_Instructions for the task_
For the records below, output word for word the lines from the one with "80年近くも前に建てられた水" up to and including the one with "クッションカバー50cm角 ウズベキスタン スザンニ". No pictures.

_Entries shown_
════════

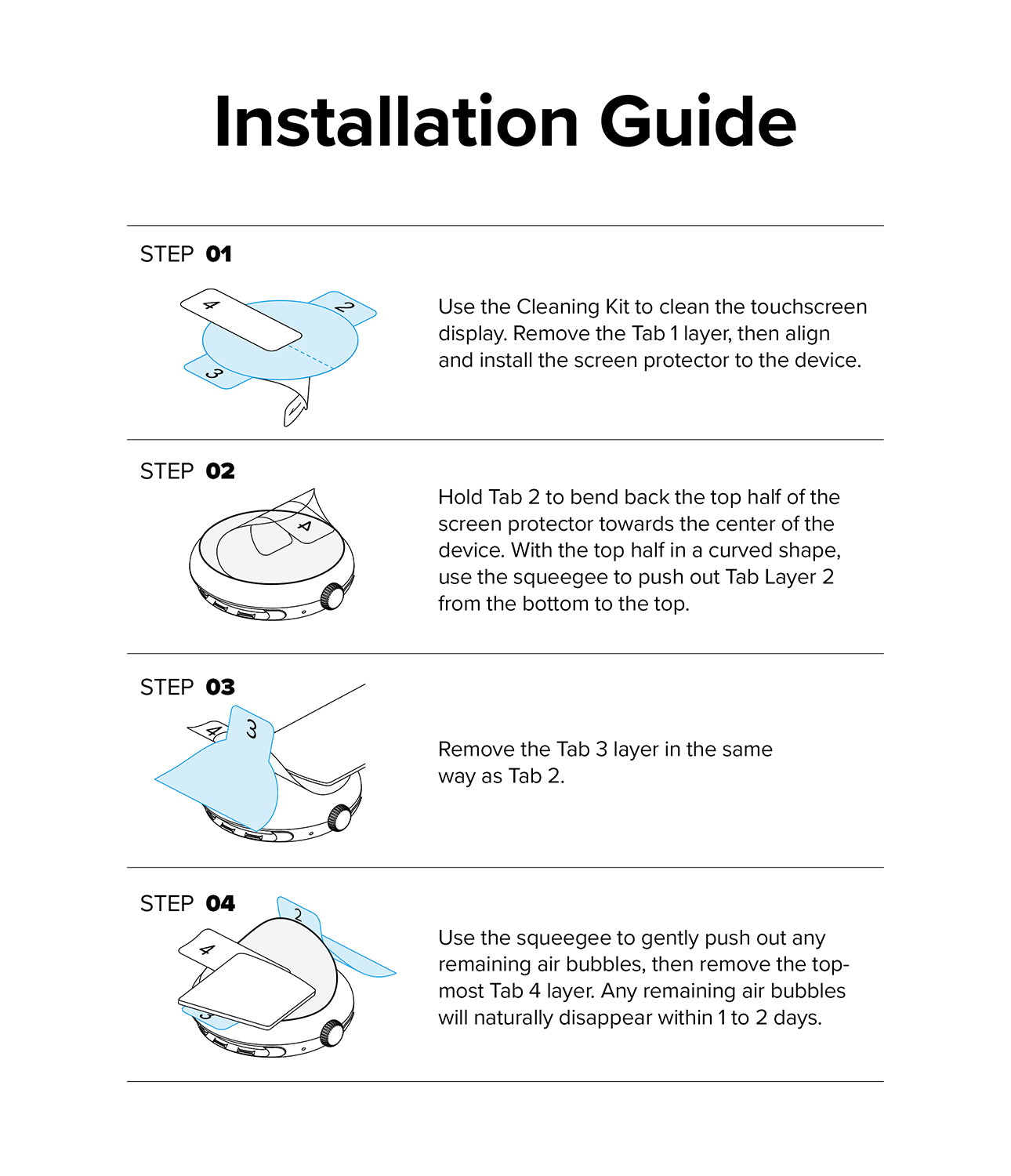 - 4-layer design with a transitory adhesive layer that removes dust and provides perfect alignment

════════

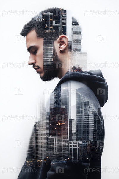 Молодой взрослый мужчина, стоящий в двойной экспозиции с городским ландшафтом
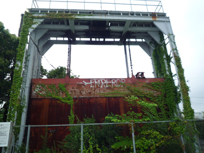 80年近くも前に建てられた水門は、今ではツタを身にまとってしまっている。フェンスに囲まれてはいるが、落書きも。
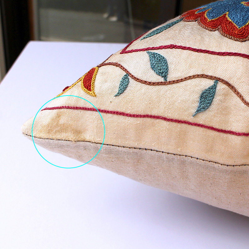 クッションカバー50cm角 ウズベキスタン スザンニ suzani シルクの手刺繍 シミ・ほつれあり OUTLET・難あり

════════

_Finished task_
 80年近くも前に建てられた水門は、今ではツタを身にまとってしまっている。フェンスに囲まれてはいるが、落書きも。
 クッションカバー50cm角 ウズベキスタン スザンニ suzani シルクの手刺繍 シミ・ほつれあり OUTLET・難あり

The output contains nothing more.